By not owning stocks and real estate, Walz is losing opportunities to grow his money and build generational wealth, financial advisers said.

  • From the beginning of 1990 through May 2024, the S&P 500 stock index has returned more than 1,300%, and the S&P CoreLogic Case-Shiller U.S. National Home Price Index, which measures residential real estate values, has risen more than 320%, or more than quadrupled.

  • Government bonds usually yield less, but they’re also less risky because they’re backed by the federal government. Investors holdings bonds lock in a certain yield for a specified amount of time and get all their principal back at maturity.

  • Financial advisers often recommend the “classic” 60/40 portfolio, or 60% stocks for growth and 40% bonds for income.

Republican vice presidential nominee Senator JD Vance holds a press conference in Philadelphia, Pennsylvania, U.S., August 6, 2024.

Republican vice presidential nominee Senator JD Vance holds a press conference in Philadelphia, Pennsylvania, U.S., August 6, 2024.

What are the positives in Walz’s financials?

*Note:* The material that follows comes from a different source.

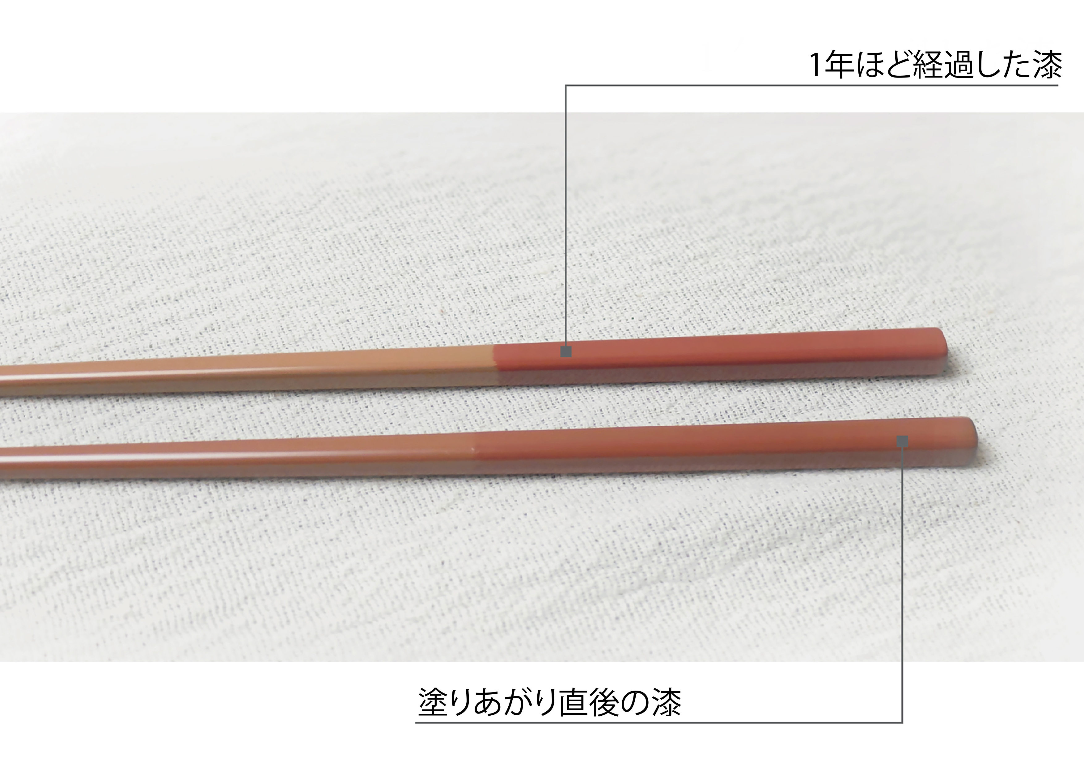 :漆器は時間とともに色が鮮やかに変化していきます。塗りたての漆は漆元来の褐色が強く出ていますが、長年使ううちに漆の色が退色していくためです。特に白漆、色漆は色の変化が顕著です。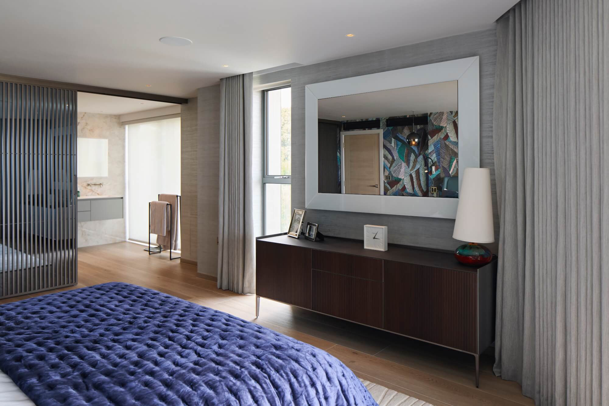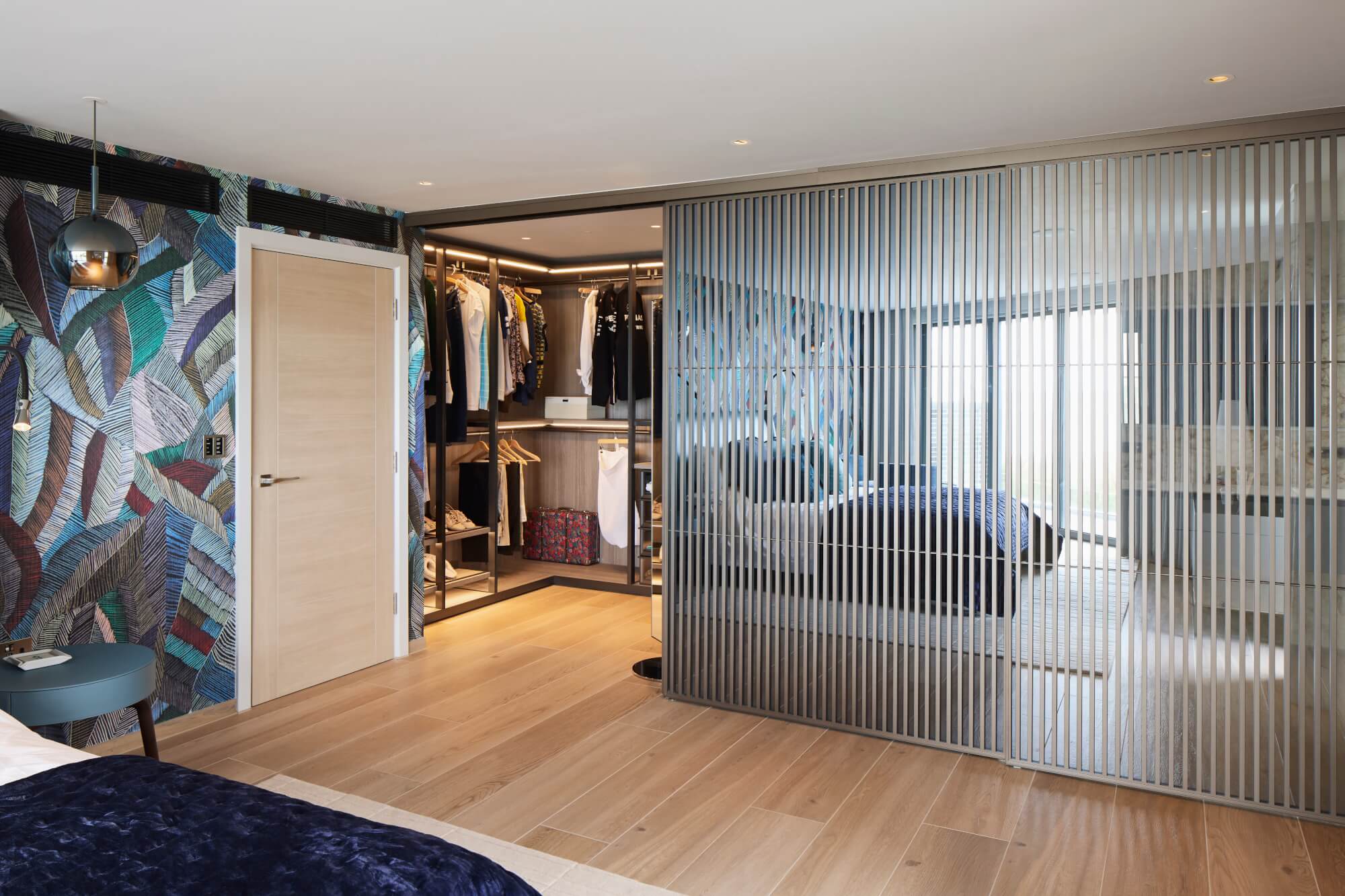 A panelled feature wall in vertical fluted bronze with mirrored strips conceals sliding panels, revealing a walk-in wardrobe and ensuite shower room while keeping the main elevation quiet and ordered.

Walz’s net worth is estimated between $112,003 to $330,000. Here’s a summary of what advisers said Walz did right, based on what has been released:

  • Two whole life insurance policies valued at $15,000 to $50,000 each. He made regular payments into their value until at least 2013, but payments stopped later, CNBC reported.

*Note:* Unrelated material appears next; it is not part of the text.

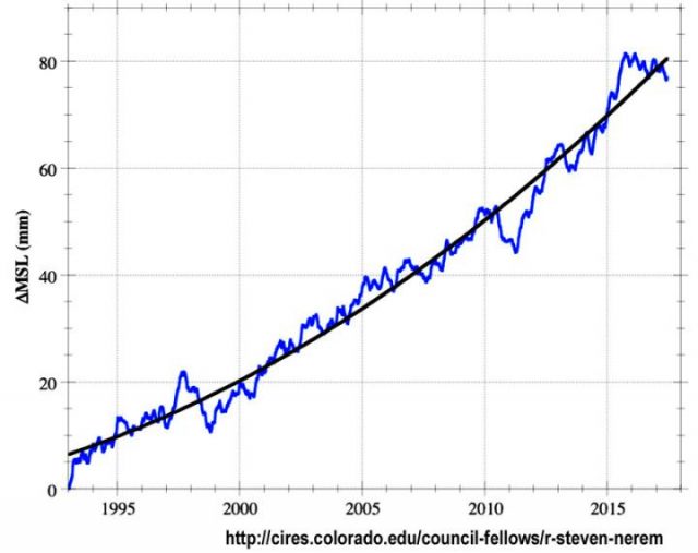 … Steve Nerem war auch Ko-Autor des schreiend alarmistischen Artikels in der Washington Post im Mai 2016 mit dem Titel „10 things you should know about sea level rise and how bad it could be”, in welchem gesagt wird dass „Wissenschaftler schätzen, dass wenn sich die Welt um 4 bis 5°C erwärmt, was für das Ende des Jahrhunderts projiziert wird, wenn wir keine Maßnahmen gegen den Klimawandel ergreifen, alles Eis wahrscheinlich schmelzen wird. Das würde einen Meeresspiegel-Anstieg um 70 Meter bewirken“.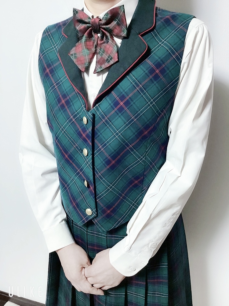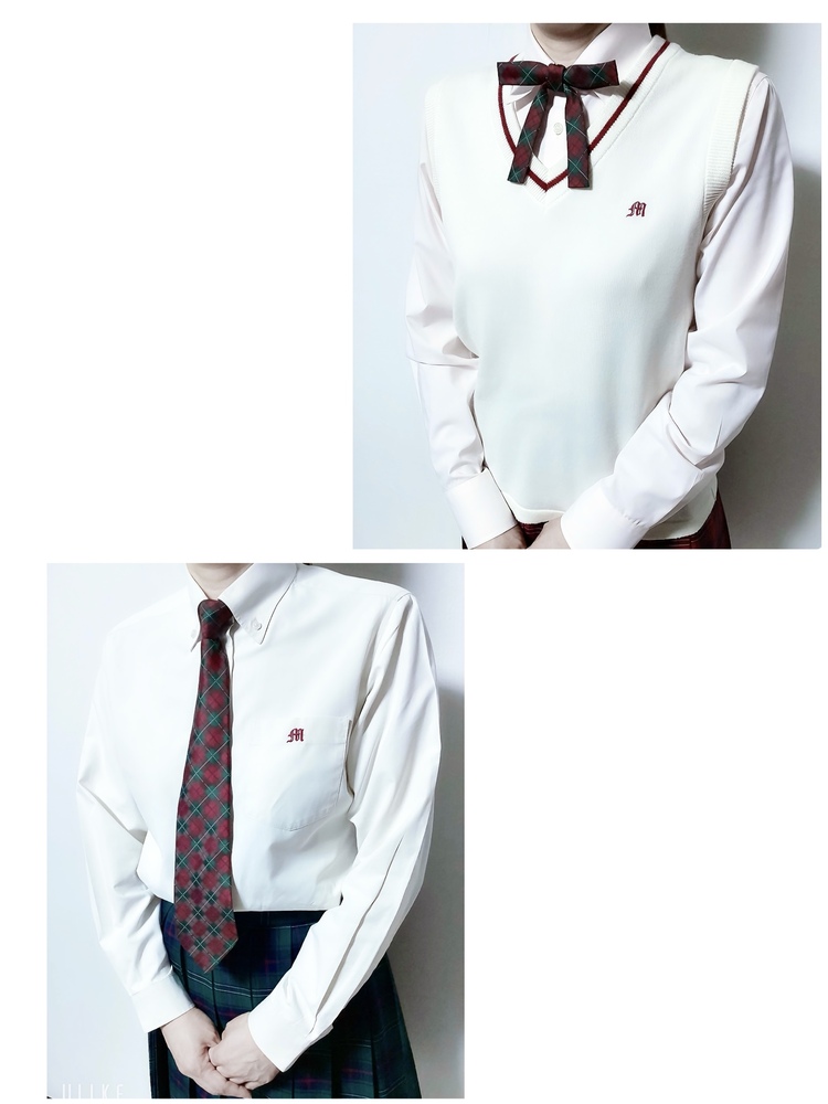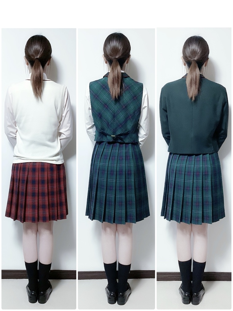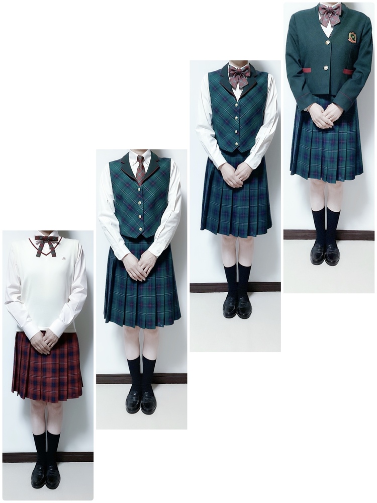 | 一般的な生徒の着用方法はベストを必ず着てのベストの襟を外に出してブレザーです😁 |

“If you put money into life insurance, that’s not a horrible idea,” said Dan Casey, investment adviser and founder of Bridgeriver Advisors. “It’s growing tax-free and you can take it out tax-free and leave something to your wife and kids.”

  • A tax-deferred 529 education plan containing $1,000 to $15,000, likely for his two children, Hope, 23, and Gus, 17.

“It’s great they took time and invested,” Bond said, noting that 529s can also be passed on to another child or rolled into a Roth IRA.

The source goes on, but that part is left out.